ASSIGNED TASK
Stop at the line that contains "Po jednodniowym odreagowaniu". Until then, set down each line of the records exactly, beginning with the first, and skip pictures.

RECORD SET

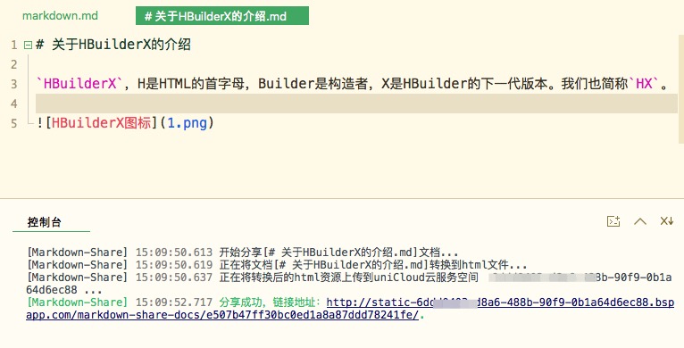 markdown一键分享,顾名思义是在HBuilderX中写好的markdown文档,可以简单通过编辑器右键【一键分享】菜单或者快捷键上传到云端,并生成分享链接,并且完全免费!
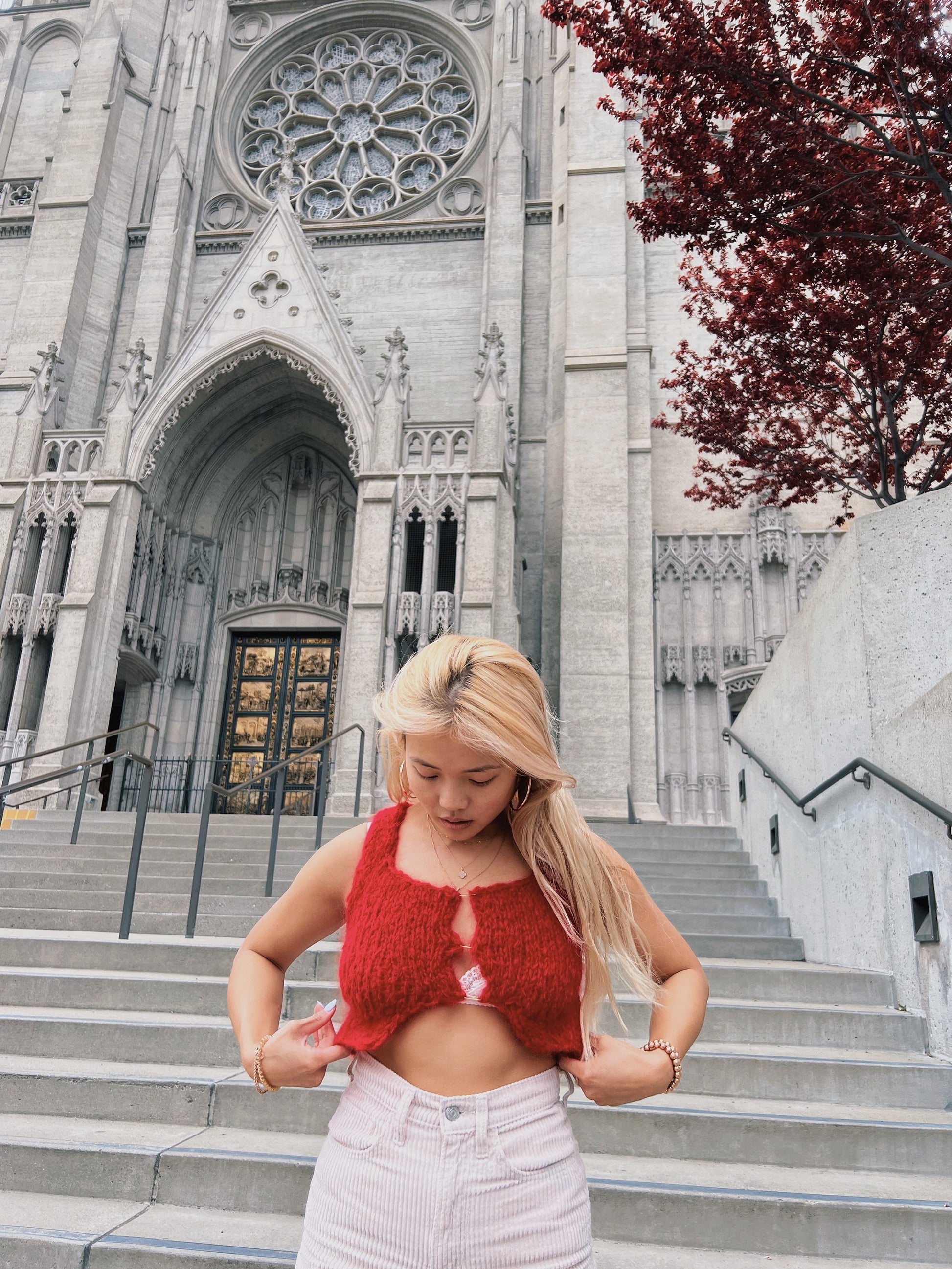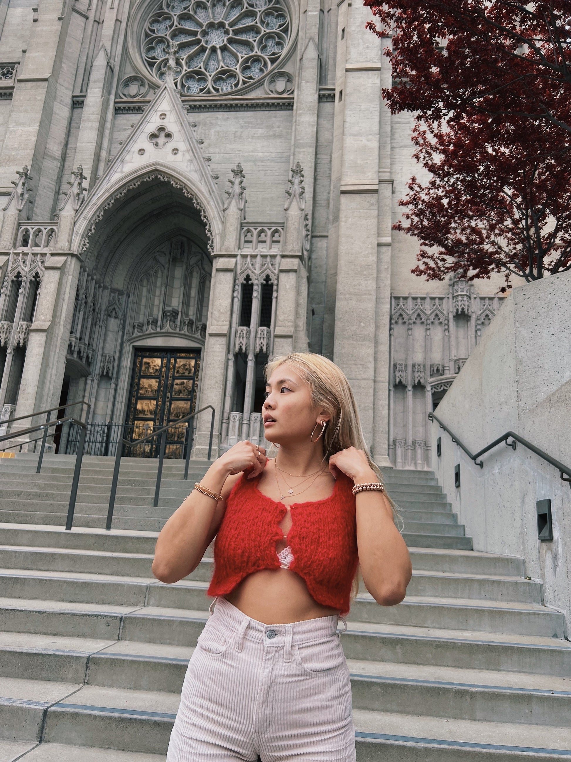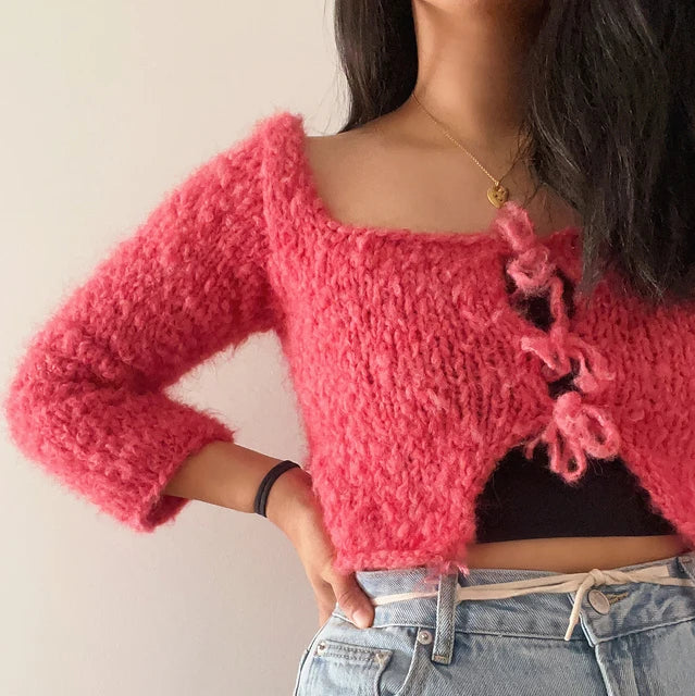 This pattern is suitable for beginners! You should be familiar with stockinette stitch! This pattern uses the following techniques: picking up stitches, increases, three-needle bind off, and knitting in the round. I’ll be posting tutorials on my instagram!
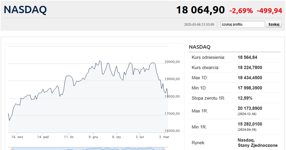 Po jednodniowym odreagowaniu w środę, S&P500 stracił w czwartek 1,78% i zszedł do najniższego poziomu od początku listopada 2024 roku, oddalając się od szczytów hossy. Jeszcze mocniejsza wyprzedaż dotknęła Nasdaq, który osunął się w dół o 2,61%, kończąc sesję z kursem widzianym po raz ostatni w październiku.
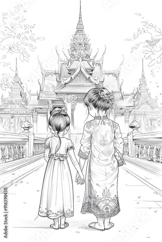 Two Figures in Traditional Attire Walk Towards an Ornate Asian Temple in a Pen and Ink Sketch Style
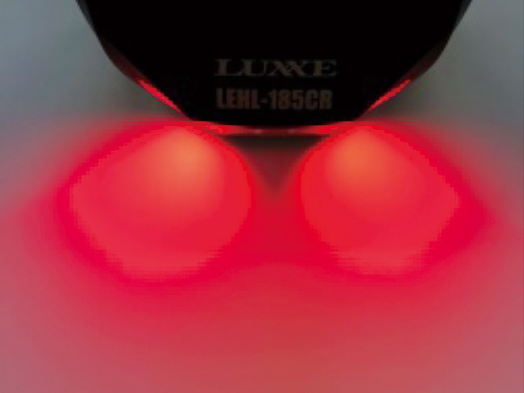 ●赤色広角ビームは連続と点滅の2モード。
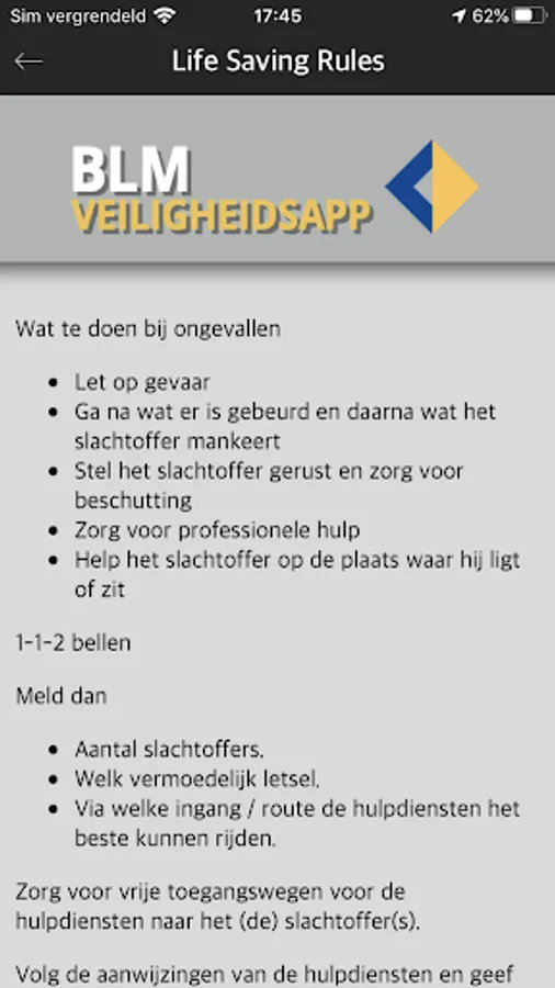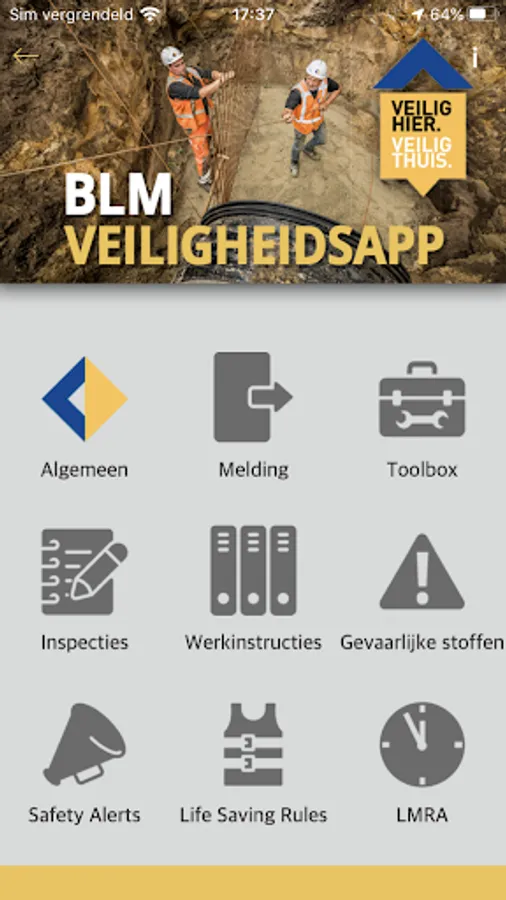 This is the BLM Wegenbouw Safety App. This contains everything about what to do in case of unsafe situations and unsafe situations can be reported. New information about safe working is regularly placed in this app and workplace inspections can be carried out.

WORKED SOLUTION
 markdown一键分享,顾名思义是在HBuilderX中写好的markdown文档,可以简单通过编辑器右键【一键分享】菜单或者快捷键上传到云端,并生成分享链接,并且完全免费!
 This pattern is suitable for beginners! You should be familiar with stockinette stitch! This pattern uses the following techniques: picking up stitches, increases, three-needle bind off, and knitting in the round. I’ll be posting tutorials on my instagram!
 Po jednodniowym odreagowaniu w środę, S&P500 stracił w czwartek 1,78% i zszedł do najniższego poziomu od początku listopada 2024 roku, oddalając się od szczytów hossy. Jeszcze mocniejsza wyprzedaż dotknęła Nasdaq, który osunął się w dół o 2,61%, kończąc sesję z kursem widzianym po raz ostatni w październiku.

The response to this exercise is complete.